Завернувшись в него, Витя становится похожа на гномика.
— Да разве у вас тут дожди! — отговаривает она Лиду от покупки, оглядывая себя в зеркало. — Вдоль домов всегда можно сухой добежать.
Она вспоминает дожди дома, в Южной Чехии, когда уходящий в бесконечность горизонт без просвета затянут моросящей теменью. Она тогда набрасывала на плечи попону, и мокрый холод стекал на босые ноги. А в городе ерунда одна, не дожди.
Продавец укладывает обновку в специальный пакетик с ручками и галантно подает его Вите:
— Получите, барышня!
Витя краснеет, и широкая улыбка обозначает на щеках две счастливые ямочки.
Теперь за бельем. Вот уж где красота так красота! Белоснежные, голубые, розовые рубашки в кружевах и оборках. Лида стоит у прилавка и, решив купить три гарнитура, спрашивает:
— Витя, тебе какого цвета?
А продавщица, взглянув на Витю, бормочет себе под нос:
— Лет на одиннадцать… — И роется в груде трусов и рубашек.
Младшая сестра обиженно съеживается, но старшая нежно пожимает ее руку.
— Пожалуйста, пойдем домой! — молит Витя. — А то вам с Иржиком весь месяц голодать придется.
Но Лиду не остановить. Ей хочется, чтобы сегодня у сестренки был праздник.
— Подожди, а шапочку?
Приглядев голубую, они подбирают ей в тон косынку. На прилавке их целый ворох: гладкие и вышитые, в цветах и узорах. Наконец Витя извлекает симпатичный желтый платочек и, тая от счастья, повязывает его на шею. Торговый зал универмага светится неоном, колонны выложены зеркалами, отражающими людскую толпу и многоцветные полки, заполненные товарами прилавки. Витя, совсем недавно ахавшая от такого зрелища, больше ни на что не смотрит.
— Лидочка, сколько же я тебе должна! — волнуется она. — Знаешь, как я теперь буду учиться?

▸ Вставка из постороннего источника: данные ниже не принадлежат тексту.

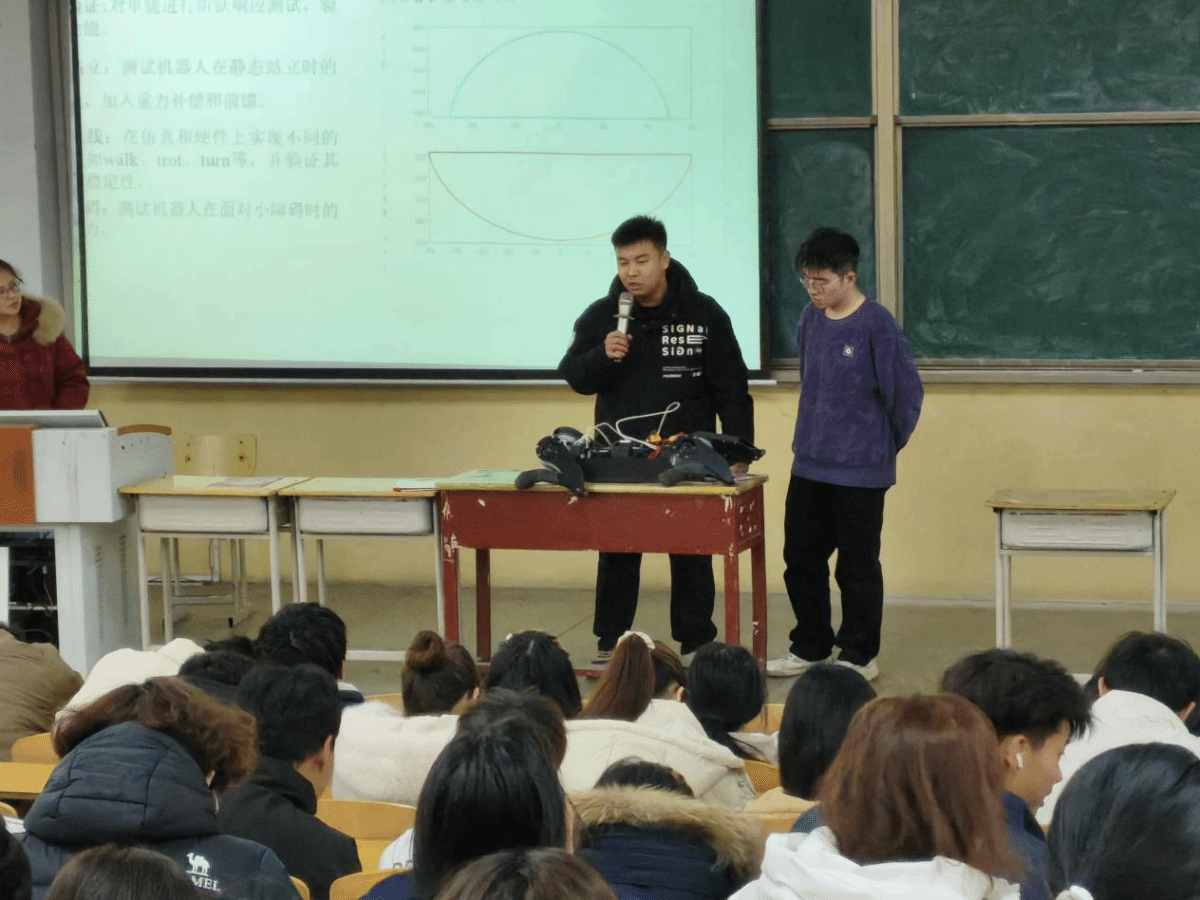 演示过程中,学生团队成员不仅是操作者,更是专业的讲解员。他们围绕机器狗的项目背景、机械结构设计、控制系统架构、传感器集成、算法核心等关键技术要点,进行了生动而专业的讲解。他们分享了从概念设计、图纸绘制、零件加工、到编程调试、迭代优化的完整研发过程,其中遇到的挑战、解决的思路以及团队协作的点滴,让台下同为工科背景的学子深感共鸣。
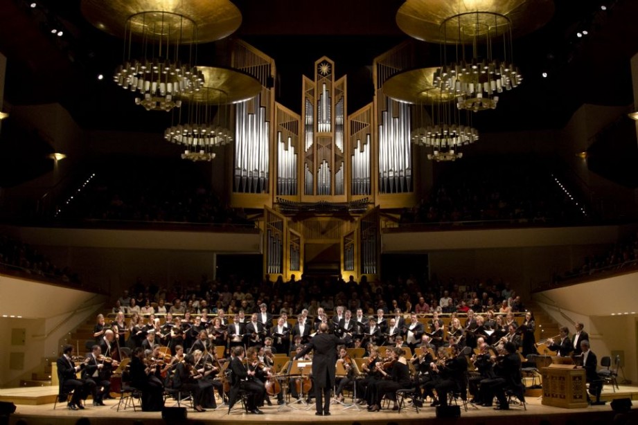 La obra es bien conocida –Hengelbrock y los suyos ya la grabaron dentro de una serie de dos discos titulados From the Music Library of Johann Sebastian Bach–, dado que el Kantor de Leipzig poseía una copia de la misma en su biblioteca musical, e incluso llegó a utilizar un pasaje en su Sanctus, BWV 241, compuesto entre julio de 1747 y agosto de 1748. Bach intercambió los instrumentos colla parte [4 trombones] por 3 violas y fagot, añadiendo a su vez algunos instrumentos más –como un oboe d’amore– y reescribiendo y añadiendo algunos pasajes del movimiento. La visión de Hengelbrock y los suyos aquí fue la de vincular a nivel sonoro ambos autores, lo cual, teniendo en cuenta que entre ambas obras transcurren nada menos que 117 años, es poco menos que una utopía. Es prácticamente imposible que Kerll conociera en su tiempo un conjunto de tal calibre –¡con una sección de cuerdas 10/9/6/5/3!– [ni tan siquiera Mozart, salvo en contadas ocasiones]. La visión, en la que se alternaron pasajes del tutti en la cuerda con otros concebidos de forma más íntima –únicamente dos violines y el continuo–, incluyó un inmenso coro de más de 40 efectivos [12/11/9/10], con el que de nuevo se jugó en un efectivo contraste entre los soli y las partes generales. Pocas veces un estilo concertato se ha visto tan abruptamente contrastado a nivel sonoro. Como siempre me sucede con este conjunto –en las diversas ocasiones previas en las que le he escuchado en directo, con Hengelbrock y otros directores al frente–, me quedo de nuevo con la sensación de estar ante un excepcional conjunto cuando se aúnan todas las fuerzas, pero cuyos enteros disminuyen a medida que las partes solistas van apareciendo. La vocalidad resulta extremadamente poco delicada para este repertorio, inestable, así como tremendamente desigual en la calidad de unos y otros cantores. Son muy pocas las excepciones en que algunos de los intervinientes a solo consigue convencerme en calidez, brillantez, solvencia técnica y adecuación estilística. Por cierto, un aspecto que no es baladí –y que no es solo habitual en este conjunto, sino en la mayoría de los conjuntos que interpretan este repertorio–: ¿por qué razón cuando un solista acomete la interpretación del incipit en canto llano del Gloria y Credo de una misa lo hace como si estuviera cantando un aria operística? ¿No tendría más sentido interpretarlo precisamente como lo que es, un pasaje introductorio en canto llano, esto es, de forma más neutra, sin ningún tipo de vibrato y con una diafanidad melódica más marcada? Aun con todo, y gracias en buena medida a que pasajes como el Sanctus y Agnus Dei poseen una música de una calidad superlativa, hubo momentos de disfrute, a pesar de que parecía estar escuchándose a un Kerll pasado por un tamiz muy posterior.
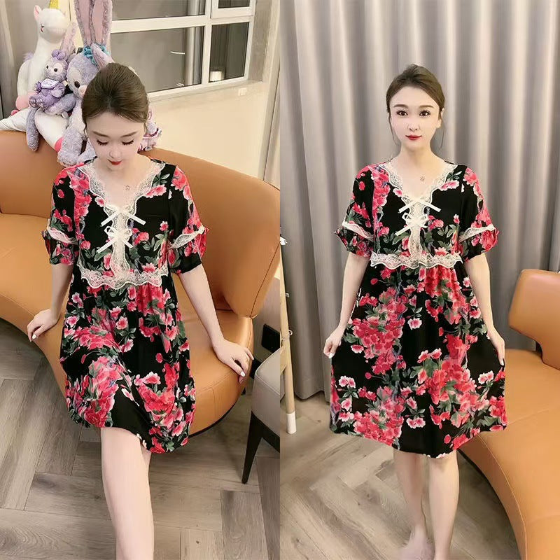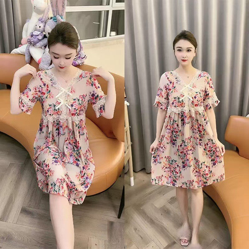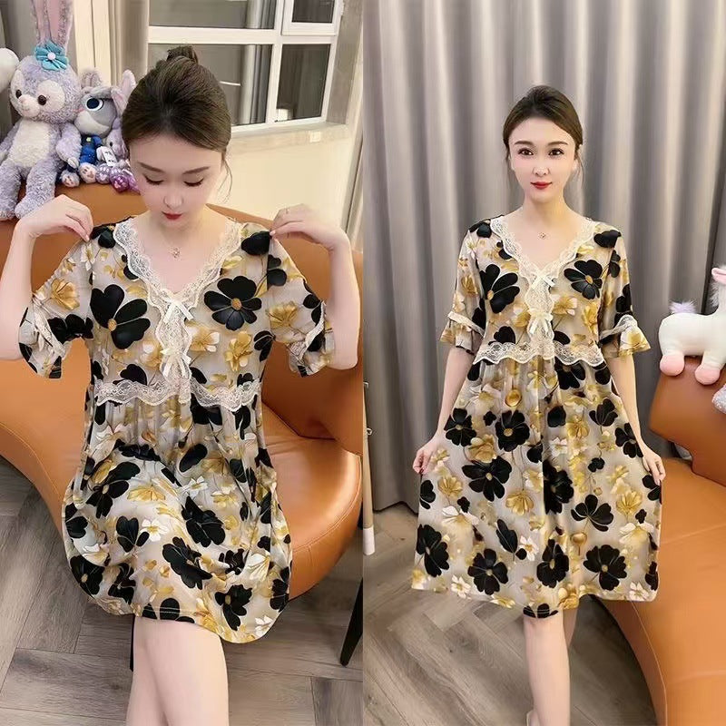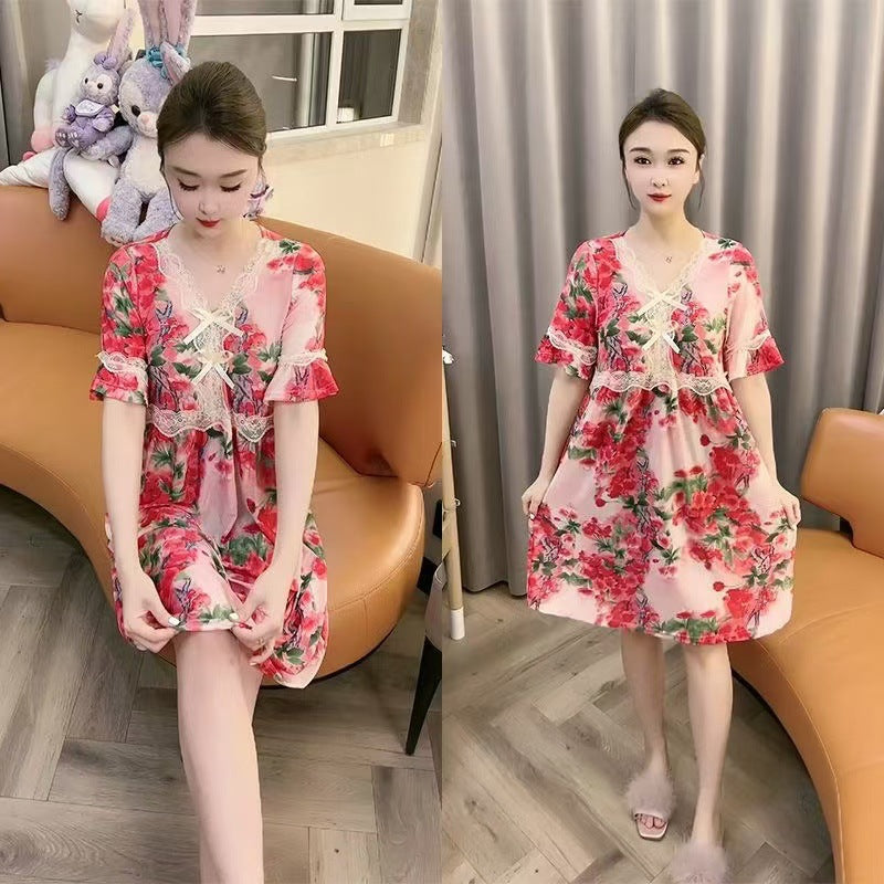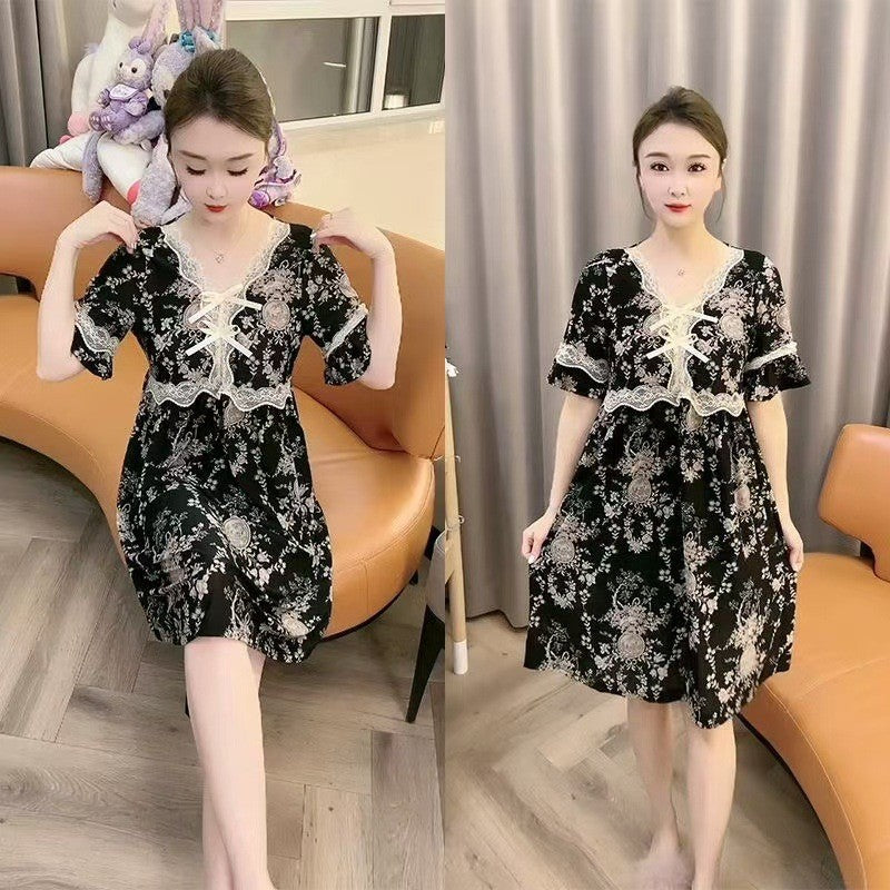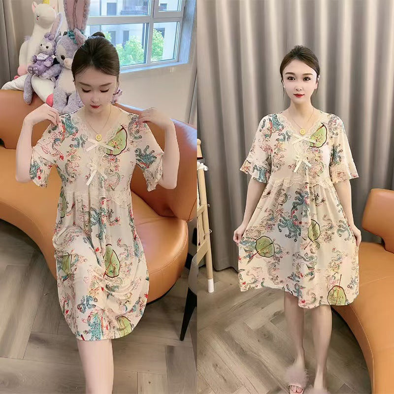 zp581-Ladies new lace bow loose nightdress

А через три года… — лицо ее освещается победной улыбкой, — а через три года начну зарабатывать, и тогда…
Лида улыбается в ответ и растроганно молчит.
* * *
На следующий день поступивших в училище собирают в классе и распределяют по комнатам общежития. Пани Чапова, та самая, что принимала экзамен по чешскому, будет классным руководителем. Она ждет, пока девушки разделятся на группы по двое и по трое. Не успевает Витя опомниться, как остается одна. Да еще ее соседка, блондинка, что была на экзамене в голубом платье.